I assume that your amend obsoleted something local only to your system?   
The reason I ask is because I ran `hg extdiff --patch --hidden -r  
'precursors(c780e06)' -r c780e06`, and it aborted with an empty revision.   
It's the precursors() predicate coming up empty.  I ended up using  
'last(allprecursors(c780e06))', and that found what I submitted.  But that  
seems inconsistent with the obsolete line of that logged revision pointing  
directly to c780e06.

At minimum, it would be nice to have a shorter way to spell that.  But it  
seems weird that the log predicate would care about revisions not in the  
repo.  Boris- it looks like '{precursors}' will skip the obsolete revision  
not on my system, and agrees with 'last(..)'.
Yuya Nishihara - Jan. 14, 2018, 8:26 a.m.
On Sun, 14 Jan 2018 00:22:05 -0500, Matt Harbison wrote:
> On Sat, 13 Jan 2018 21:11:45 -0500, Yuya Nishihara <yuya@tcha.org> wrote:
> 
> > On Sat, 13 Jan 2018 02:23:16 -0500, Matt Harbison wrote:
> >> # HG changeset patch
> >> # User Matt Harbison <matt_harbison@yahoo.com>
> >> # Date 1514706889 18000
> >> #      Sun Dec 31 02:54:49 2017 -0500
> >> # Node ID 66976f55793cced57929dedc8993204be340c717
> >> # Parent  868cc63bfe9d7d7f5b40bc8cd70175cf1a608a95
> >> lfs: migrate most file filtering from threshold to custom filter
> >
> > Queued, thanks.
> >
> >> -    threshold = repo.ui.configbytes('lfs', 'threshold')
> >> +    trackspec = repo.ui.config('lfs', 'track')
> >>
> >> -    repo.svfs.options['lfsthreshold'] = threshold
> >> +    # deprecated config: lfs.threshold
> >> +    threshold = repo.ui.configbytes('lfs', 'threshold')
> >> +    if threshold:
> >> +        trackspec = "(%s) | size('>%s')" % (trackspec, threshold)
> >
> > I've added fileset.parse(trackspec) to detect bad spec like '..) ..  
> > (..', and
> > s/%s/%d/ to make sure threshold is integer so no need of string escape.
> 
> Thanks.
> 
> I assume that your amend obsoleted something local only to your system?   
> The reason I ask is because I ran `hg extdiff --patch --hidden -r  
> 'precursors(c780e06)' -r c780e06`, and it aborted with an empty revision.   
> It's the precursors() predicate coming up empty.  I ended up using  
> 'last(allprecursors(c780e06))', and that found what I submitted.  But that  
> seems inconsistent with the obsolete line of that logged revision pointing  
> directly to c780e06.

What I generally do is:

 hg import --obsolete mails  # yours->mine
 hg amend                    # mine->committed

> At minimum, it would be nice to have a shorter way to spell that.

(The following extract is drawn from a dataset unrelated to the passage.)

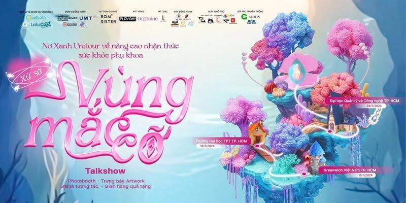 Mỗi điểm đến của Unitour Xứ Sở Vùng Mắc Cỡ hứa hẹn mang đến không gian thú vị với nhiều hoạt động vừa giải trí nhưng không kém phần bổ ích, thiết thực cho các bạn sinh viên. Tại đây, thế giới phụ khoa tưởng chừng như vô cùng nhạy cảm sẽ được bình thường hóa thông qua nghệ thuật, âm thanh & hội thoại. Đặc biệt hơn hết, điểm nhấn của Unitour Xứ Sở Vùng Mắc Cỡ chính Talkshow “Chuyện Vùng Mắc Cỡ” – Không gian đối thoại cởi mở, gần gũi mang đến cơ hội giao lưu, hỏi đáp & chia sẻ góc nhìn mới mẻ, tích cực về chủ đề sức khỏe phụ khoa với sự đồng hành của Host Nhi Võ – Diễn viên Hài độc thoại tại Saigon Tếu, Diễn giả – Bác sĩ CKII Bùi Thanh Vân & Tiến sĩ, Bác sĩ Sản phụ khoa Ngô Thị Yên.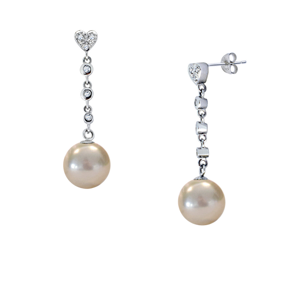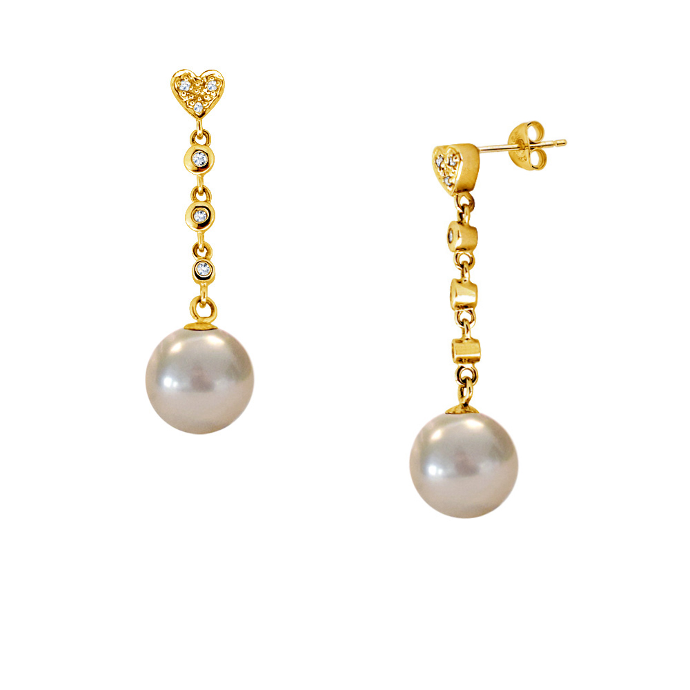 • Ένα φανταστικό ζευγάρι κρεμαστά σκουλαρίκια με 2 εντυπωσιακά και ολοστρόγγυλα γκρι μαργαριτάρια QTV Akoya Pearl, άριστης ποιότητας διαμέτρου 7,5 - 8 χιλιοστών σε χρυσές βάσεις 18 καρατίων με 12 διαμάντια 0,11 καρατίων.

I think allprecursors() should be renamed to precursors(), and delete/rename
the original precursors().

> But it
> seems weird that the log predicate would care about revisions not in the  
> repo.  Boris- it looks like '{precursors}' will skip the obsolete revision  
> not on my system, and agrees with 'last(..)'.
>
Boris Feld - Jan. 16, 2018, 10:26 a.m.
On Sun, 2018-01-14 at 17:26 +0900, Yuya Nishihara wrote:
> On Sun, 14 Jan 2018 00:22:05 -0500, Matt Harbison wrote:
> > On Sat, 13 Jan 2018 21:11:45 -0500, Yuya Nishihara <yuya@tcha.org>
> > wrote:
> > 
> > > On Sat, 13 Jan 2018 02:23:16 -0500, Matt Harbison wrote:
> > > > # HG changeset patch
> > > > # User Matt Harbison <matt_harbison@yahoo.com>
> > > > # Date 1514706889 18000
> > > > #      Sun Dec 31 02:54:49 2017 -0500
> > > > # Node ID 66976f55793cced57929dedc8993204be340c717
> > > > # Parent  868cc63bfe9d7d7f5b40bc8cd70175cf1a608a95
> > > > lfs: migrate most file filtering from threshold to custom
> > > > filter
> > > 
> > > Queued, thanks.
> > > 
> > > > -    threshold = repo.ui.configbytes('lfs', 'threshold')
> > > > +    trackspec = repo.ui.config('lfs', 'track')
> > > > 
> > > > -    repo.svfs.options['lfsthreshold'] = threshold
> > > > +    # deprecated config: lfs.threshold
> > > > +    threshold = repo.ui.configbytes('lfs', 'threshold')
> > > > +    if threshold:
> > > > +        trackspec = "(%s) | size('>%s')" % (trackspec,
> > > > threshold)
> > > 
> > > I've added fileset.parse(trackspec) to detect bad spec like '..)
> > > ..  
> > > (..', and
> > > s/%s/%d/ to make sure threshold is integer so no need of string
> > > escape.
> > 
> > Thanks.
> > 
> > I assume that your amend obsoleted something local only to your
> > system?   
> > The reason I ask is because I ran `hg extdiff --patch --hidden -r  
> > 'precursors(c780e06)' -r c780e06`, and it aborted with an empty
> > revision.   
> > It's the precursors() predicate coming up empty.  I ended up
> > using  
> > 'last(allprecursors(c780e06))', and that found what I
> > submitted.  But that  
> > seems inconsistent with the obsolete line of that logged revision
> > pointing  
> > directly to c780e06.
> 
> What I generally do is:
> 
>  hg import --obsolete mails  # yours->mine
>  hg amend                    # mine->committed
> 
> > At minimum, it would be nice to have a shorter way to spell that.
> 
> I think allprecursors() should be renamed to precursors(), and
> delete/rename
> the original precursors().
> 
> > But it
> > seems weird that the log predicate would care about revisions not
> > in the  
> > repo.  Boris- it looks like '{precursors}' will skip the obsolete
> > revision  
> > not on my system, and agrees with 'last(..)'.
> >  

I checked the precursors revset and the behavior is not the one
expected, thank you for pointing that.


I also realized that the revset is in Evolve and not in Core, which
makes it a good opportunity to upstream it.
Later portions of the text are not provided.